If they couldn't or wouldn't kill him in Quincy, why would he fear them in Sicily, where the dons have a lot more to worry about than exacting revenge against some low-rent Irish gangster who gave up Larry Baoine's barbooth game in Lowell? The Mafia hasn't been able to kill even a fraction of its own members who have violated the code of omerta, which translates from the Italian to "I ain't doin' time."

Still, if it was Whitey, you've got to appreciate his sense of irony in selecting Taormina as the place for him and Cathy to dress up and play Ozzie and Harriet on vacation.

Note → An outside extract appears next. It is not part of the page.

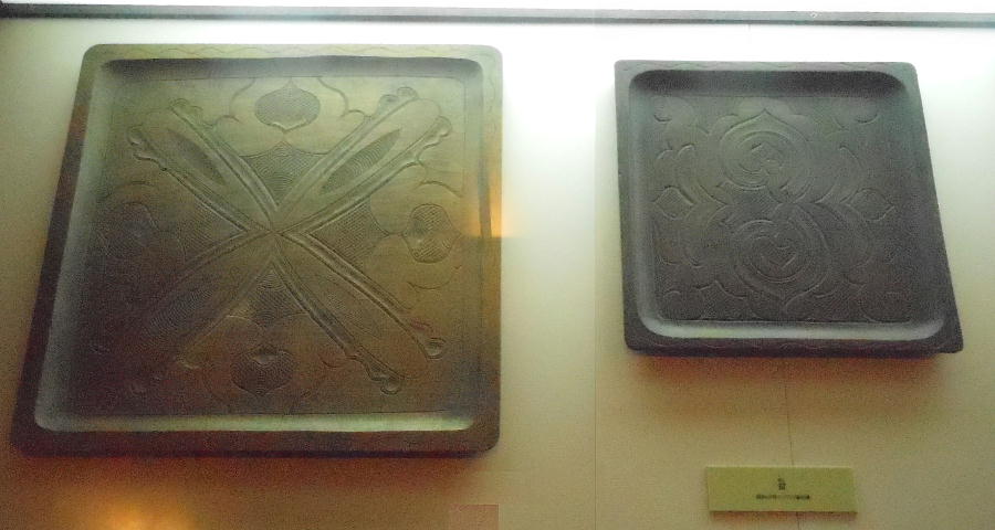 展示パネルには、ピンク色の尖底方土器と水色で示された底平方土器の分布がわかりやすく表示されている。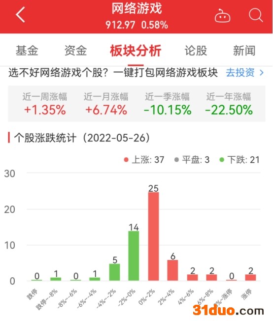 中国经济网北京5月26日讯 今日,网络游戏板块整体涨幅0.58%,其中37只股票上涨,3只股票平盘,21只股票下跌。

Taormina was the name of the restaurant in New York's Little Italy where the Teflon Don, John Gotti, used to hang out. The payphone at Taormina had a sign that said "WARNING - THIS PHONE IS BUGGED."

Who needs bugs when you've got rats? Whitey always loved sticking it to the Italians.

Pat Nee and Howie Winter, who besides being retired gangsters are standup guys, told the Globe's Shelley Murphy they're convinced the fellow in the photos is not Whitey.

Chip Fleming, who used to work intelligence for the Boston police, and who knew Whitey as well as anyone, doesn't think it was, either.

That's good enough for me. But there are state cops and DEA agents, who really want to catch this guy, who think it is.

This whole episode shows just how much of a secular society we have become. It used to be, every few years, some peasant in some Third World hamlet would see an apparition of Jesus or the Virgin Mary. Now we have Whitey sightings every few years. But - did you notice? - none of the Whitey sightings are in places you'd never want to go.

Jimmy, if you're reading this online somewhere, take some friendly advice: Head for Montenegro. The wine is cheap, the beaches are spectacular, you can buy the local cops with a case of beer, and, trust me, no one will come looking for you, because the airport at Podgorica is a dump.